Occlusion is defined as the relationship established between the upper and lower arch, in which the interdigitation between the teeth of both arches (upper and lower) is taken as a reference.

This dental relationship can be classified in three senses of space: transverse, sagittal and vertical.

The transversal sense, that is, from left to right or vice versa, it is the most important and the first to be treated since according to this sense the mandible, which directs growth, can influence the upper jaw. In this space in the anterior sector the deviations of the midline should be observed and in the posterior sectors the normality related to the occlusion of the upper vestibular cusps outside the lower vestibular cusps, on both sides symmetrically, being able to have crossbites later.

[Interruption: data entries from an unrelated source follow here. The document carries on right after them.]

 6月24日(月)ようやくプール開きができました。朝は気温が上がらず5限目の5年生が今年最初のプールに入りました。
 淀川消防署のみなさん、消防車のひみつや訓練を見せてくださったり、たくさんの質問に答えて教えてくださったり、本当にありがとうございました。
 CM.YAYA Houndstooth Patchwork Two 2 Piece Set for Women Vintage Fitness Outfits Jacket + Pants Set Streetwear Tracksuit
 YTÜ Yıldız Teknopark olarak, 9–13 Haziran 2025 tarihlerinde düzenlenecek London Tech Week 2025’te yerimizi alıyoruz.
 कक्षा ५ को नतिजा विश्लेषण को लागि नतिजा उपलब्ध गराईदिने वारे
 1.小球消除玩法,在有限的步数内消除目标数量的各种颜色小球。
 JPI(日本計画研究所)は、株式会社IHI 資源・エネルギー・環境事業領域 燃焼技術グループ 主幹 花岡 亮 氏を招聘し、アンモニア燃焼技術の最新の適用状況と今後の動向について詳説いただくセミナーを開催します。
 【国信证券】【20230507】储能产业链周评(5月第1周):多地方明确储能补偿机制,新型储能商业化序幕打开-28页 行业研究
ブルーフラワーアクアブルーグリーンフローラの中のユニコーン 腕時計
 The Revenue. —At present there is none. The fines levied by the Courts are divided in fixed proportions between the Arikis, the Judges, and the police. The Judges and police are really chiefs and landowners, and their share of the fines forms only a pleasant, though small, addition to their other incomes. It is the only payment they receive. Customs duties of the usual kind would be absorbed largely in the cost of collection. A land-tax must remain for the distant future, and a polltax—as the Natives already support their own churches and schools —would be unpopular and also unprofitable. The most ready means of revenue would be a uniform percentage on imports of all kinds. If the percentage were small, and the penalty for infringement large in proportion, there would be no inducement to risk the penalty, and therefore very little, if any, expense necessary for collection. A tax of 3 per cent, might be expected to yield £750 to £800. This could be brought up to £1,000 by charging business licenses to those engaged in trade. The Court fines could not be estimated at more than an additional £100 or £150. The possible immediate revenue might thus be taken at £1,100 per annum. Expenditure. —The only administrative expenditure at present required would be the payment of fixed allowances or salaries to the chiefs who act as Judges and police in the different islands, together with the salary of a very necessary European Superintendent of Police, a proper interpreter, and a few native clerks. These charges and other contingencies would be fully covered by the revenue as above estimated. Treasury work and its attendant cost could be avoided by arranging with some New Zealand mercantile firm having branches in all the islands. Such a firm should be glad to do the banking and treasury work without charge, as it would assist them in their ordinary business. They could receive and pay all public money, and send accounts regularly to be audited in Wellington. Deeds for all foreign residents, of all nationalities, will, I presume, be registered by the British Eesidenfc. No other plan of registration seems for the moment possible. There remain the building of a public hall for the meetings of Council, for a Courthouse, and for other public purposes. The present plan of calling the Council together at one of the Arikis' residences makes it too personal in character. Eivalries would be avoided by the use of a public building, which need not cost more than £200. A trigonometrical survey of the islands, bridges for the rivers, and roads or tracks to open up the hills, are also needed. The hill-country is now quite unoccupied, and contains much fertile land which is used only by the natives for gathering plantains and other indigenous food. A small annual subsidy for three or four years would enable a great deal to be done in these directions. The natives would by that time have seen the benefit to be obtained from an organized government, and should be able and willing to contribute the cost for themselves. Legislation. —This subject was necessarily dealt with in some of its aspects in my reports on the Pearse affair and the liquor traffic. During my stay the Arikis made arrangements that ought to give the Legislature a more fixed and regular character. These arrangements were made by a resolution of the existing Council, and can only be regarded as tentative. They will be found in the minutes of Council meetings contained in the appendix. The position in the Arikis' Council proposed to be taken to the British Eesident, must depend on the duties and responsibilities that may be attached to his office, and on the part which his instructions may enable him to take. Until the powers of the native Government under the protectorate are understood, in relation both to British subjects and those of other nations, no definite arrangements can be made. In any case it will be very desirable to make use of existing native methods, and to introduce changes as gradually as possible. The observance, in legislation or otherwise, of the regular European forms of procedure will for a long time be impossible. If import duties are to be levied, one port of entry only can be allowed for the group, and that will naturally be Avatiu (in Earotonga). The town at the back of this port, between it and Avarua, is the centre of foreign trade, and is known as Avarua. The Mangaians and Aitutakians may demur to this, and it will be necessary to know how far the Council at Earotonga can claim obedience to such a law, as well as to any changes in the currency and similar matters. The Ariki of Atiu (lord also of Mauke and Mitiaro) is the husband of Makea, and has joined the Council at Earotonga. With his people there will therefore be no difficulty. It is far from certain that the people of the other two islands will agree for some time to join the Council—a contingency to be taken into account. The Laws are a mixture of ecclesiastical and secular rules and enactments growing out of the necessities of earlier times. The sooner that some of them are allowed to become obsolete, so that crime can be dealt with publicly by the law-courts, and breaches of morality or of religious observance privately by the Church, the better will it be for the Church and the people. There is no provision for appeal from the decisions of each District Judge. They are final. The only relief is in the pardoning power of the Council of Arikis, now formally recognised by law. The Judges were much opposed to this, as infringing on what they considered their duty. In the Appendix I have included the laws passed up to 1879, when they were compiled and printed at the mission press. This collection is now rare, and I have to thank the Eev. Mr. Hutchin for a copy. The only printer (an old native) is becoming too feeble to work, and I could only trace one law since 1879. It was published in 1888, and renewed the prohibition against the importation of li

The sagittal sense it is the next plane of importance after the transversal. This sense is based on the front-to-back relationship. In the anterior sector in this plane you can distinguish the overjet o highlight: positive or increased (when the upper teeth are in front of the lower ones by more than 3 millimeters), zero or edge to edge (if the incisal edges of the upper and lower incisors are at the same height) and negative or bite anterior crusade (if the upper incisors are behind the lower ones). In the posterior sectors, malocclusions are classified, according to Angle’s classification, into class I, class II and class III.

The last sense is the vertical sense, which is the ratio of the teeth from top to bottom. In this sense of space, the anterior teeth can present an open bite (if there is a lack of vertical contact between the incisors, although it can also occur in lateral or posterior sectors, called the lateral or posterior open bite), edge-to-edge bite (when the overlap is null) or overbite or overbite increased (if the overlap of the incisal edge of the upper incisors exceeds 3 millimeters to the lower incisal edge).

How is this type of bite defined?

Edge-to-edge bite is defined as a type of malocclusion in a vertical and sagittal direction in which the overjet and the overbite are zero. That is, the upper and lower incisors make contact in their incisal portion.

The etiology of edge-to-edge bite can be dental or skeletal. The trigger of skeletal origin is found in a problem of bone dysplasia, in which there is a hypoplasia of the maxilla or a hypertrophy of the jaw. The dental origin of the edge-to-edge bite is due to abnormal axial inclination of the incisors.

For the treatment of edge-to-edge bite, it is important to make a good diagnosis in order to know the basis of the malocclusion and to be able to distinguish and carry out an adequate treatment plan in each case. So, if it is the skeletal base, the treatment is carried out with interceptive devices in the growing age or with orthognathic surgery, in adults, if the malocclusion is more severe. Edge-to-edge bite cases of dental origin are easier to solve, by means of dental movement appliances. These devices can also be used to disguise a skeletal class.